Knowing that coastal cities and communities are at the forefront of the climate crisis, we are a bellwether for changes being felt globally. Our local knowledge and intimate relationship with the natural environment is a key asset in our adaptive and responsive future.
By looking at the changes to our global weather through the lens of art we are invited to consider what is at stake for all of us.
On Sunday, June 9th, 2019, a historic property took on new life with the opening of the new Punt Premises on Fogo Island. The Premises is an interactive cultural interpretation centre devoted to knowledge preservation as well as encouraging visitor interaction with the historical and cultural assets of the inshore fishery and its mighty workhorse: the punt. The Premises consists of a lovingly restored saltbox-style house, a traditional fishing stage, and two fishing stores that date back to the mid-1800s. These buildings collectively make up a typical outport fishing premises and were occupied by generations of several families in the community of Joe Batt’s Arm on Fogo Island.
On view at the Punt Premises are a wealth of cultural artifacts including cod traps and items associated with their making and mending, knots, boatbuilding tools and models, fishing gear, photos, sound recordings, and household items.
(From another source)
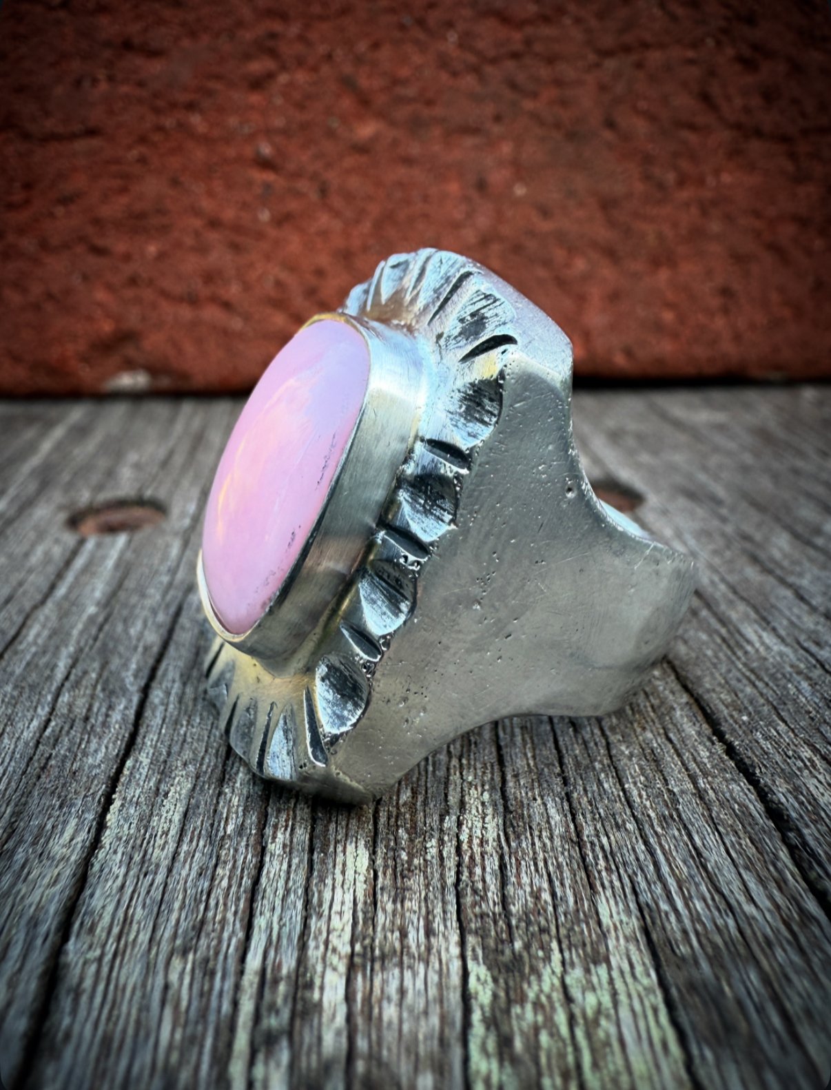 WL&A Handmade High Grade Pink Opal Heavy Signet Ring - Size 11

Importantly, the spaces of the Premises demonstrate how a fishing family lived and made a living in the vibrant inshore fishing era on which our outport culture was founded; it is both a tribute to our proud past and a promise for a hopeful and successful future off our province’s Northeast Coast.
The Punt Premises represents the next phase of our charity’s long-term work to safeguard Fogo Island’s boatbuilding heritage and all its associated knowledge for renewed and repurposed use in building a modern, outport economy; it is representative of “finding new ways with old things”.
Punts outside the Punt Premises
The Great Punt Race to There and Back, 2014, photo by Alex Fradkin.
In 2007, Shorefast began the award-winning Great Fogo Island Punt Race to There and Back, and also spearheaded a school program that placed students in apprenticeship with boatbuilders to reinvigorate excitement and learning around the punts. After the Great Fogo Island Punt Race celebrated its 10th anniversary in 2017, attentions and energies were refocused on creating the Punt Premises as a permanent, dynamic, and publicly accessible place for residents and visitors alike to learn about the importance of the punt and the inshore fishery to our shared cultural history.
“Much of Shorefast’s work is about the making, preserving, and sharing of knowledge,” said Zita Cobb, CEO of Shorefast and Innkeeper of Fogo Island Inn. “The punts contain irreplaceable cultural knowledge that we intend to carry forward and make relevant for new generations through the Punt Premises. This project would not have been possible without the support and partnership of private donors and both levels of government.” Fogo Island Mayor Wayne Collins added: “The public programming for visitors and locals at the Punt Premises is a welcome addition to Fogo Island as we continue to grow our economy and ensure our heritage is preserved.”